Optimized ML procedures can be successful in extracting hidden information and reveal customer’s information, which could be quite useful in assisting decision makers. To apply ML models for practical problems of detecting the churn-risk customers in the telecom sector, their hyperparameters need to be tuned to fit specific datasets. In this study, RF optimized by GS HPO techniques has shown its superior abilities in predicting customer churn in telecom sectors, regardless of being tested on small or bigger datasets. RF is an extraordinary model to be optimized for solving class imbalance problems. Low-ratio undersampling works better with an RF classifier.

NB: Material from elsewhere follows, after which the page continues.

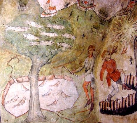 If anything, this is the traditional variant — fish in the tree! Wonderful accident of survival! An orphaned early 17C leaf sold at auction by Pieter Kiefer on 5th December 2022, as lot 2728. Cropped above, unfortunately, but I assume the first line ends Wunder, then follows the usual 2nd line of the couplet: Oben Fisch Vogel drunder [fish above, birds below] — someone better acquainted with this cursed cursive than me can doubtless supply the rest of the first line — pleeease, Gentle Reader! The perfect parallel and precedent, indeed, has to be the image below, excerpted from the wonderful wall-painting of Schlaraffenland/Cocagne at Ostermiething in Austria, c.1470

The most critical factors captured by this study are: “Day charges,” “Account length,” “Customer service calls,” “Day minutes” (Dataset 1), “Contract month to month,” “Tenure,” “Contract two year,” “Internet connection fibre optic,” “Monthly charges,” “Total charges” and “Payment with electronic check” (Dataset 2). This gives insights to telecom company directors to understand areas that require customer retention campaigns. The telecom managers can prevent churn by considering some strategies like providing the facilities required, improving the quality of services and products, identifying the different needs of the consumers, and increasing customer responsiveness.

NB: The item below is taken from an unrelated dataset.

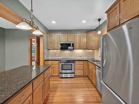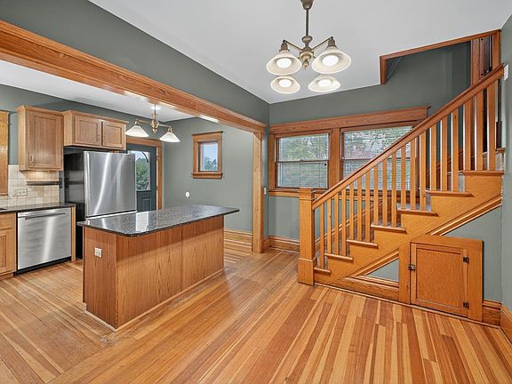This is a charming 1919 home with original character and modern updates! Step into timeless elegance with this beautifully maintained home that blends historic charm with thoughtful updates. Original woodwork, stunning pocket doors and a beautiful built-in oak buffet showcase the craftmanship of a bygone era, while modern conveniences make it perfect for today's living. The main floor features a welcoming foyer, spacious living room with built-in bookcases, formal dining with buffet and remodeled eat-in kitchen with custom cabinets, hard surface counters, new appliances (stove, microwave and dishwasher). A unique double staircase adds architectural interest and easy flow throughout the home. Upstairs there's four spacious bedrooms and a remodeled sleeping porch porch converted into a primary bedroom retreat featuring a clawfoot tub, shower and walk-in closet. There's also a full walk-up attic, ideal for storage or future expansion. Enjoy peaceful mornings or evening relaxation on the inviting front and back porches. Don't miss the original 2-story barn with large loft and parking and storage for 2 cars plus lawn mowers, snow blowers and lawn tools. The home is located on a private (corner) double lot (141x121).The home is a rare find for anyone who appreciates the character of early 20th century craftsmanship paired with all the modern conveniences.

Future research could examine the RF-GS-LR model or other ML models for customer churn prediction on larger telecom datasets and other industries. Because the nature of the datasets will affect the performance of prediction models, a variety of telecom customer datasets from different countries with different volumes will be examined and compared. At the same time, more advanced optimization techniques such as different methods for data preprocessing, feature selection, and class balancing will be encouraged to test their adaptability and progressiveness in predicting customer churn in the telecom sector. In addition, researchers can design and conduct experiments with more novel and advanced ensemble and hybrid ML methods to achieve a higher prediction performance of customer churn in the telecom sector or other industries. More transparent and interpretable intelligent optimization algorithms and models can be experimented with to assist decision makers to better understand their customers’ needs and maintain a stronger customer relationship. It could also be a future research direction that combines ML methods with social science research methods to better serve the decision makers and practitioners in the telecom sector.

Data Availability

The data used to support the findings of this study are available from the corresponding authors upon request.

Conflicts of Interest

The authors declare that there are no conflicts of interest.

Acknowledgments

This work was supported by the Program for the Capacity Development of Shanghai Local Colleges (Grant no. 20050501900).